__Collection entries__
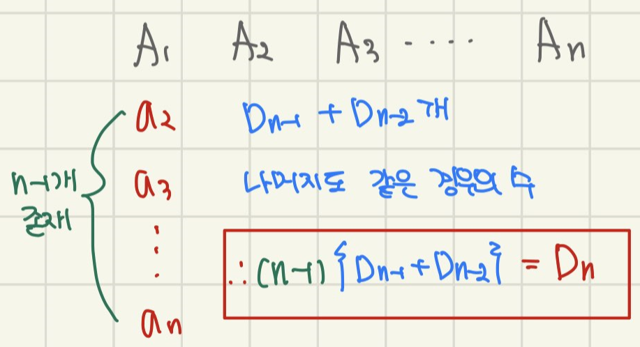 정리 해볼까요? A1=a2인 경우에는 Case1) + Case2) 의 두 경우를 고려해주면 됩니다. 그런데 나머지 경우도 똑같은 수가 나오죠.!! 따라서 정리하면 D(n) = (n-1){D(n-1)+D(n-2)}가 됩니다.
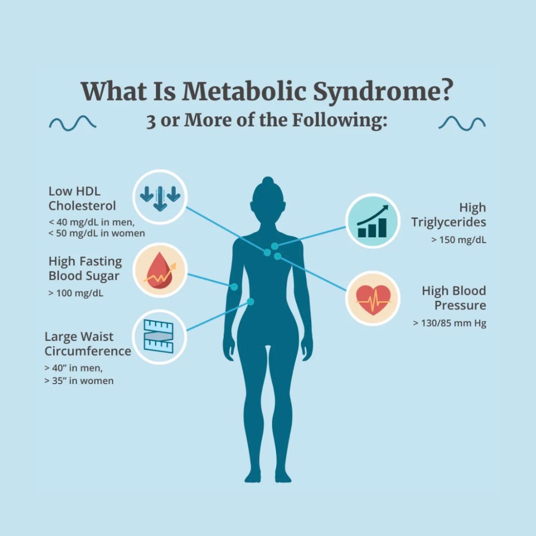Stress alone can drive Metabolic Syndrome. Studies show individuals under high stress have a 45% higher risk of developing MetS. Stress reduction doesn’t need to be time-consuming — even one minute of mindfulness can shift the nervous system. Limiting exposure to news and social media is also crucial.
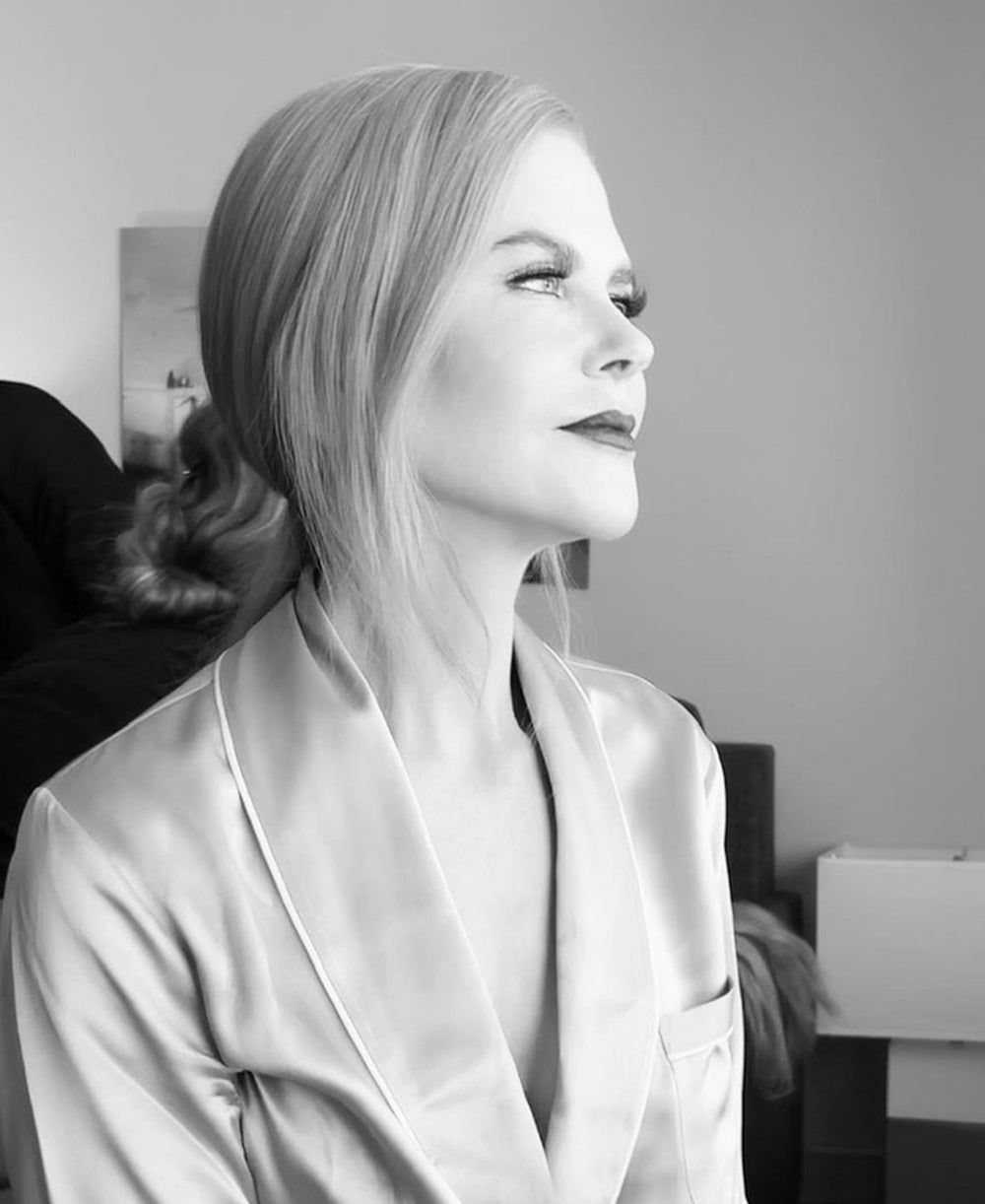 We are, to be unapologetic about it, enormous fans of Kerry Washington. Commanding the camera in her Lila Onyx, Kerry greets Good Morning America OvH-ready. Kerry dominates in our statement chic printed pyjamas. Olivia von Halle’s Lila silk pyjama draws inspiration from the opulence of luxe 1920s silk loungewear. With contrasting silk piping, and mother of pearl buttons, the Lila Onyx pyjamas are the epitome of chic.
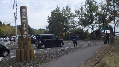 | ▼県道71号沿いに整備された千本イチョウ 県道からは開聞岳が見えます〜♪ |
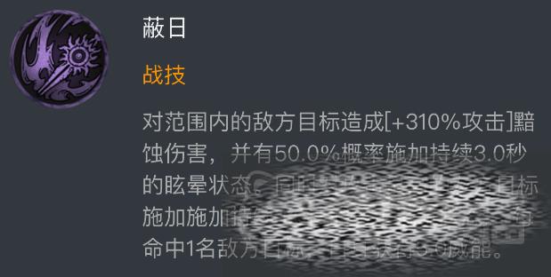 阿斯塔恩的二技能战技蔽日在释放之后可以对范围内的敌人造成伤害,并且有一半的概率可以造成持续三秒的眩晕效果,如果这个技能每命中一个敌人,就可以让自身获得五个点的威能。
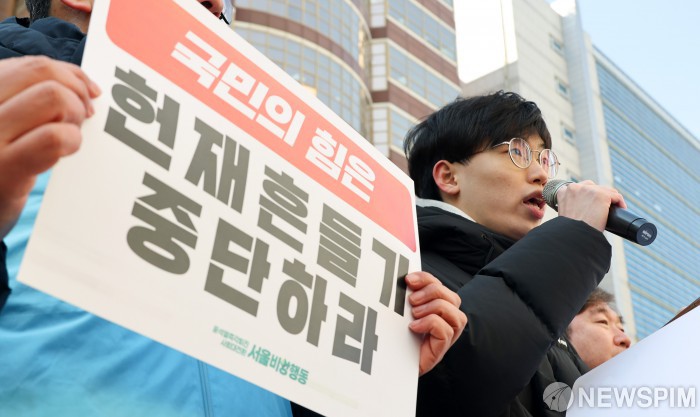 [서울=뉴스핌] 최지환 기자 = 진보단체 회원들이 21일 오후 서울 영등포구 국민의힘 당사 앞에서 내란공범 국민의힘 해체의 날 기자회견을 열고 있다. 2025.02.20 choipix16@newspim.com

__What to do__
From the line containing "阿斯塔恩的二技能战技蔽日在释" through the last line of the entries, copy each line exactly and only those, skipping all pictures.

__Task result__
 阿斯塔恩的二技能战技蔽日在释放之后可以对范围内的敌人造成伤害,并且有一半的概率可以造成持续三秒的眩晕效果,如果这个技能每命中一个敌人,就可以让自身获得五个点的威能。
 [서울=뉴스핌] 최지환 기자 = 진보단체 회원들이 21일 오후 서울 영등포구 국민의힘 당사 앞에서 내란공범 국민의힘 해체의 날 기자회견을 열고 있다. 2025.02.20 choipix16@newspim.com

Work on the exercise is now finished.